Aussi tristes que soient les temps, Rashford est devenu une cible privilégiée des racistes en raison de son activisme lorsqu'il a heurté le poteau lors de la défaite aux tirs au but en finale du Championnat d'Europe 2021 contre l'Italie. Ce geste n'a eu qu'un effet temporaire sur lui.
Il a réalisé la meilleure saison de sa carrière en inscrivant 30 buts. Les entraîneurs ont constamment souligné sa résilience sous pression comme l'une de ses qualités les plus importantes ; sa célébration de but distinctive est censée symboliser précisément cette force mentale. Ce sont plutôt des frasques qui ont fait dérailler la carrière de Rashford. Du moins, c'est ainsi que les choses ont été perçues dans son club.
Réprimandé comme un joueur qui ne donne pas le maximumSous la direction d'Erik ten Hag, il avait déjà été sanctionné pour avoir fêté son anniversaire malgré une défaite dans un derby, être arrivé en retard à une réunion d'équipe et s'être déclaré malade pour un match de coupe après une fête arrosée de tequila à Belfast.
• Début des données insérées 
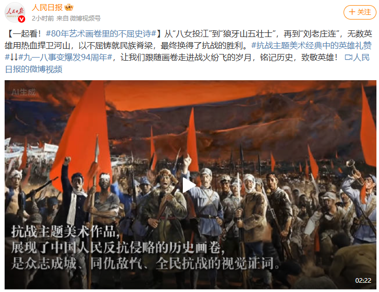 作为承载集体记忆的艺术创作,该视频以“永铭历史、警钟长鸣”为核心立意,选取“八女投江”、“狼牙山五壮士”、“巍巍太行山”等37个讲述经典英雄事迹的抗战美术作品为创作基底,通过动态化艺术表现形式并辅以AI技术,串联起抗战时期的不屈篇章。静态美术经典在数字技术赋能下“鲜活起来”,既生动再现了无数英雄用热血捍卫河山、以不屈铸就民族脊梁的壮阔历史,更以艺术感染力践行“抗战主题美术经典中的英雄礼赞”创作主旨,呼应“铭记历史、缅怀先烈”的时代命题。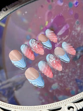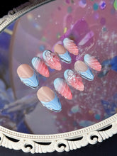 A seamless pink and blue ombré reflects the ripening of spring berries against a clear afternoon sky, while 3D sculpted flowers and crisp French tips echo the delicate growth found in a private estate garden. Swirled textures add a decorative, airy touch, completing a look that feels both fresh and sophisticated.

Son successeur, Rúben Amorim, a ensuite prononcé sa condamnation à mort après de nouvelles rumeurs de fête : « Je préfère aligner Vital (l'entraîneur des gardiens de 63 ans, ndlr) plutôt qu'un joueur qui ne se donne pas à fond chaque jour. »
Ambassadeur de Manchester, enfant du club qu'il avait rejoint à huit ans – tout cela était fini. Comme beaucoup d'autres joueurs de l'ère post-Ferguson, Rashford laisse planer la question de savoir si c'était de sa faute ou du Manchester United de ces années-là, souvent qualifié de toxique. Peut-être des deux, car le déclin d'une équipe quinzième le démotivait quelque peu.
En Catalogne, il peut désormais démontrer jusqu'où son talent peut le mener – après un prêt de six mois à Aston Villa qui s'est suffisamment bien déroulé pour éviter la disqualification. Au Barça, où le club se considère comme « més que un club » et, de ce fait, notamment, pour son engagement social, il est ravi d'avoir recruté quelqu'un qui est plus qu'un simple joueur.
Et pour tout le reste, ils pointent du doigt Flick, considéré comme l'incarnation du travail et qui, dès sa première saison, a aidé des joueurs comme Raphinha à atteindre un niveau jamais vu à Barcelone. Si Rashford n'y parvient pas, on a l'impression qu'il n'ira nulle part.
À la croisée des chemins de sa carrière, il portera le numéro 14, celui du saint Cruyff et aussi celui de son idole, Thierry Henry. « Un numéro historique », s'enthousiasme Rashford, « tout dans ce club est unique. » Son arrivée est chargée d'histoire. Il ne lui reste plus qu'à continuer de l'écrire.